__WORK TO BE COMPLETED__: Pictures appear among the records below and must be omitted. Repeat exactly the lines from the line with "武蔵小金井駅近くの割烹料理店" to the line with "AK Latsch, Gasthaus", both included.

__SUPPLIED MATERIAL__:

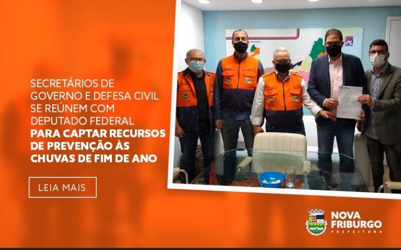Na tarde desta quinta-feira, 23, o secretário de Governo da Prefeitura de Nova Friburgo, Marcinho Alves, e de Defesa Civil, Evi Gomes, se reuniram com o deputado federal Altineu Côrtes (PL), no Rio de Janeiro, para apresentar projetos visando ações preventivas para a época das chuvas. Também estiveram presentes o tenente Luciano Luiz e o gestor de processos, Luiz Carlos, da Defesa Civil.
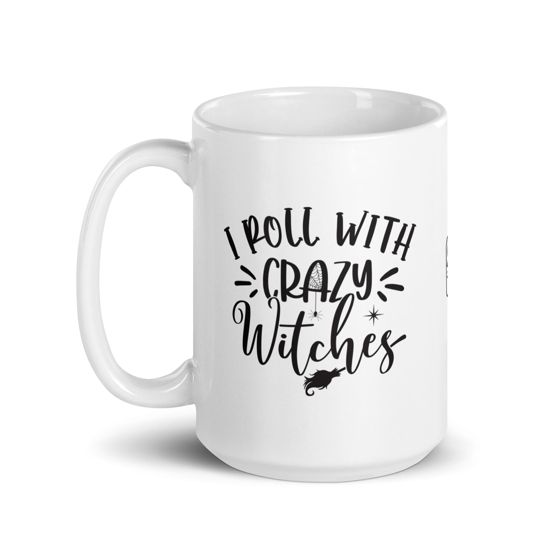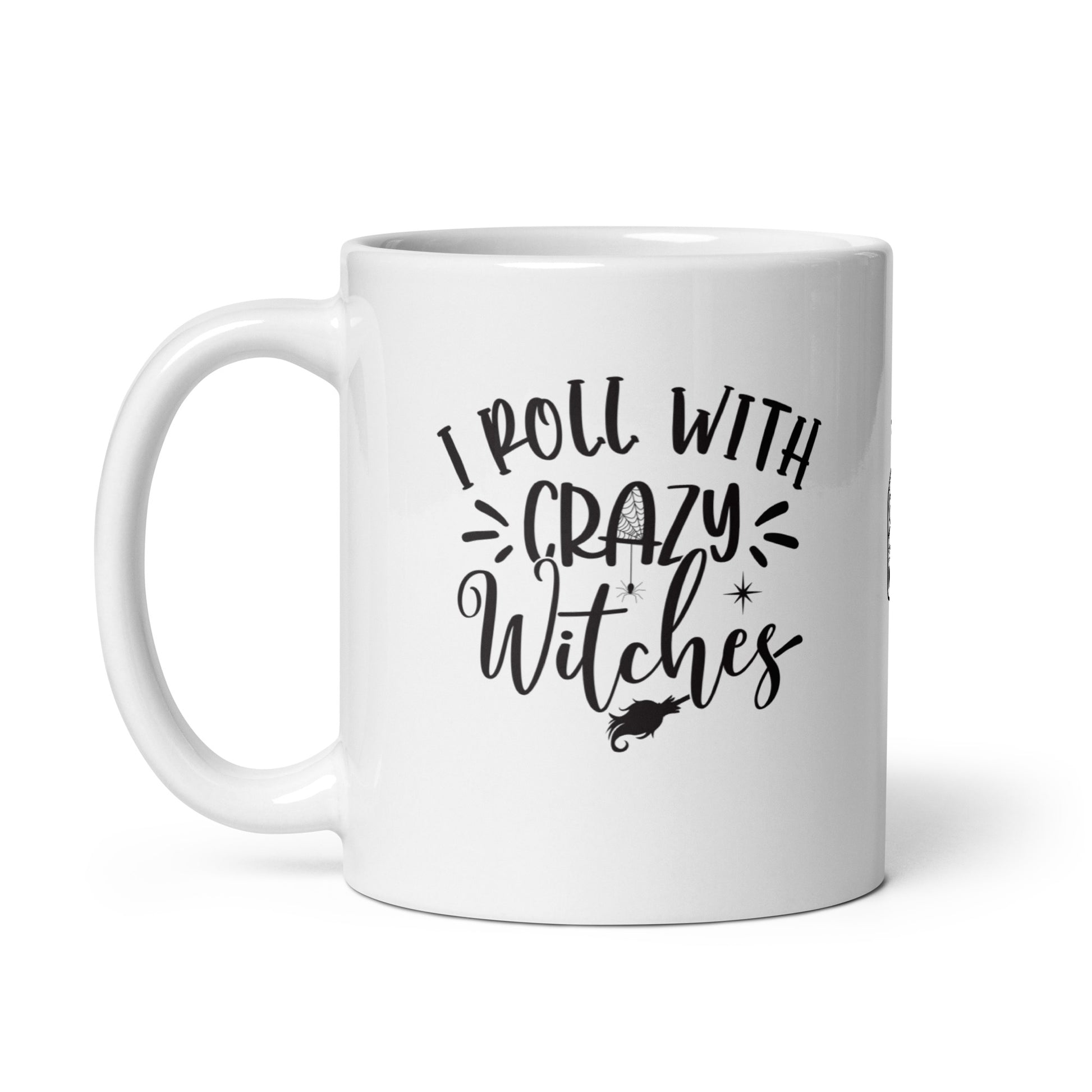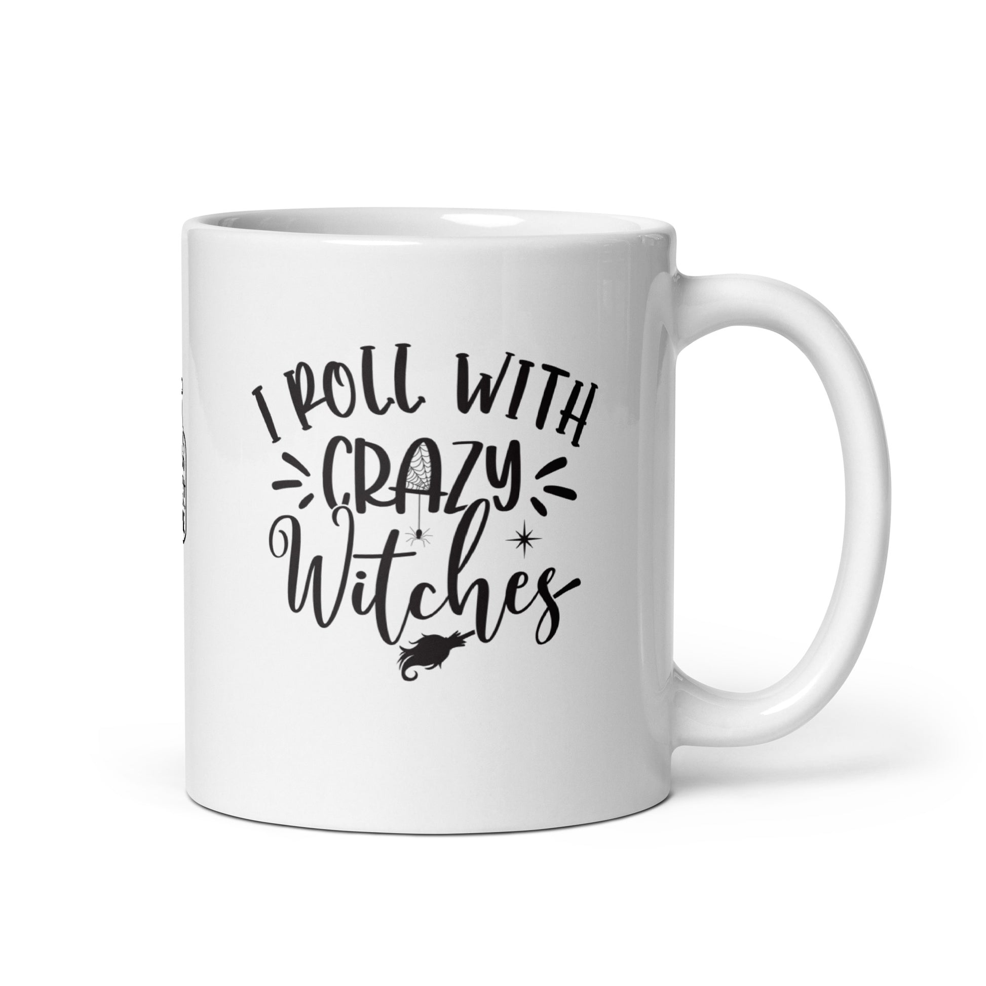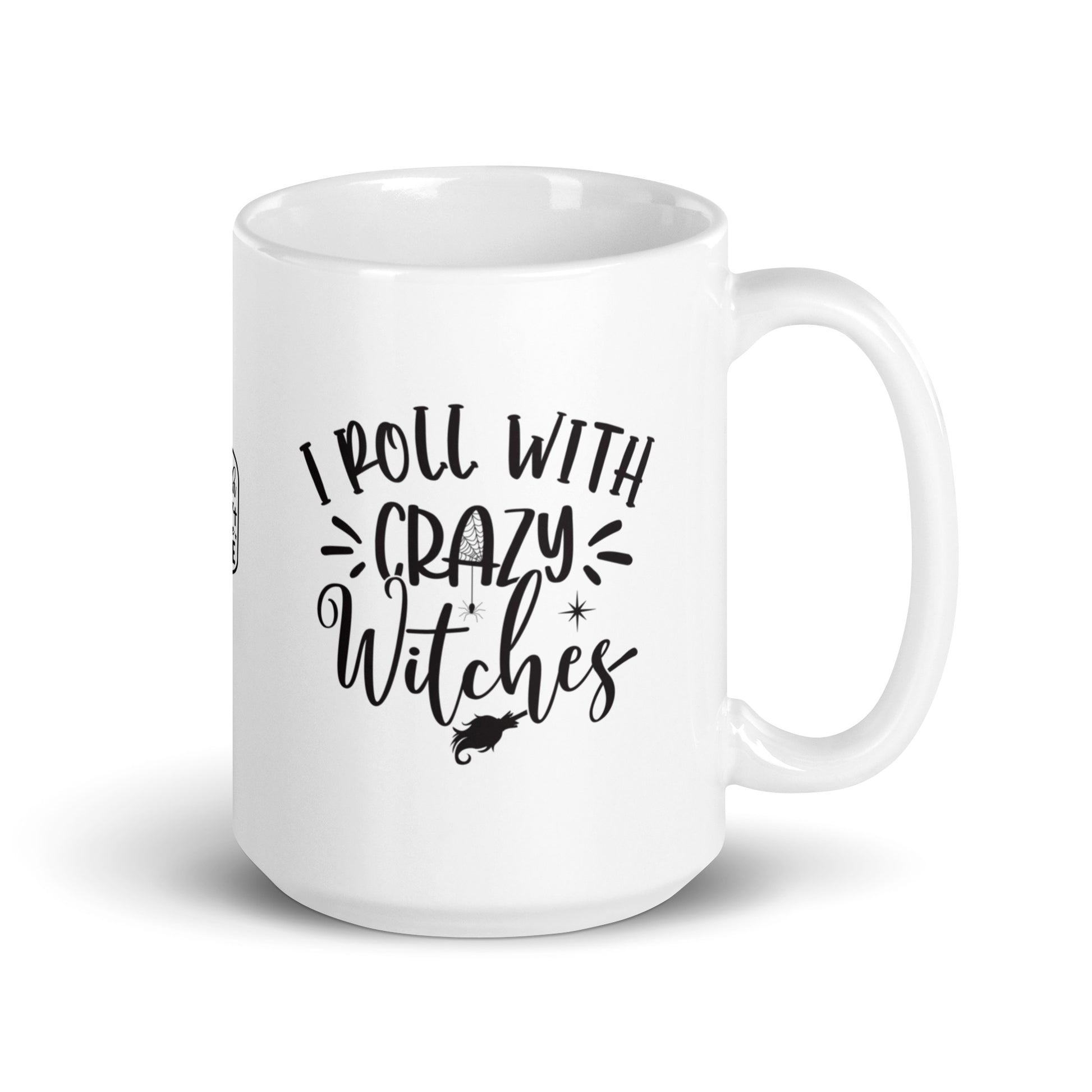 Halloween #14 "I ROLL WITH CRAZY Witches" Full Wrap White glossy mug
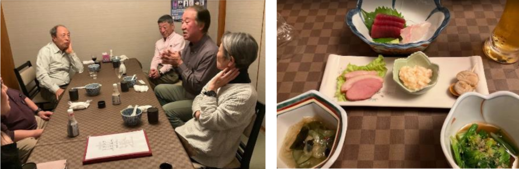 武蔵小金井駅近くの割烹料理店で行いました。2万歩近く、あるいはそれ以上歩いた疲れも見せず、近況や思い出話に花が咲きました。
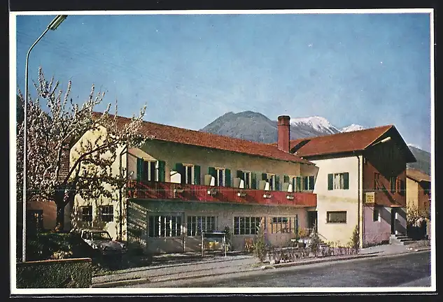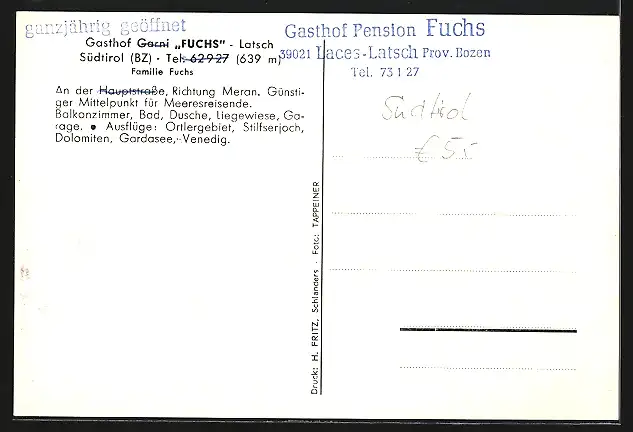 AK Latsch, Gasthaus Garni Fuchs an der Hauptstrasse, Richtung Meran
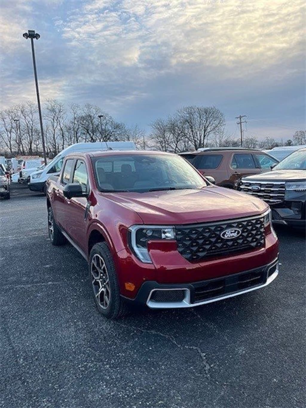Chili Pepper Red 2024 Ford Maverick XLT FWD CVT 2.5L I-4 Hybrid 2.5L I-4 Hybrid, 3.63 Axle Ratio, 4-Wheel Disc Brakes, 400W Inverter w/USB Console Rear, 6 Speakers, ABS brakes, Air Conditioning, AM/FM radio, Auto High-beam Headlights, Automatic temperature control, Bed Tie Down Locking Rails w/2 Locking Brackets, BLIS Blind Spot Info System w/Cross-Traffic Alert, Brake assist, Bumpers: body-color, Compass, Delay-off headlights, Driver door bin, Driver vanity mirror, Dual front impact airbags, Dual front side impact airbags, Electronic Stability Control, Equipment Group 300A Standard, Exterior Parking Camera Rear, Ford Co-Pilot360, Front anti-roll bar, Front Bucket Seats, Front Center Armrest, Front reading lights, Front wheel independent suspension, Fully automatic headlights, Heated Mirror w/Painted Black Skull Caps, Heated Seats, Illuminated entry, Knee airbag, Lane-Keeping System, LED Box Lighting, Low tire pressure warning, Modular Hard Drop-In Bedliner, Occupant sensing airbag, Outside temperature display, Overhead airbag, Overhead console, Panic alarm, Passenger door bin, Passenger vanity mirror, Power door mirrors, Power steering, Power windows, Radio: AM/FM Stereo w/6 Speakers, Rear anti-roll bar, Rear seat center armrest, Rear step bumper, Remote keyless entry, Remote Start System, Security system, Soft Vinyl Wrapped Heated Steering Wheel, Speed control, Speed-sensing steering, Steering wheel mounted audio controls, Tachometer, Telescoping steering wheel, Tilt steering wheel, Traction control, Trailer Hitch Receiver w/4-Pin Connector, Trip computer, Unique Cloth Front Bucket Seats, Wheels: 17" Carbonized Gray Painted Aluminum, XLT Luxury Package.

__YOUR RESPONSE__:
 武蔵小金井駅近くの割烹料理店で行いました。2万歩近く、あるいはそれ以上歩いた疲れも見せず、近況や思い出話に花が咲きました。
 AK Latsch, Gasthaus Garni Fuchs an der Hauptstrasse, Richtung Meran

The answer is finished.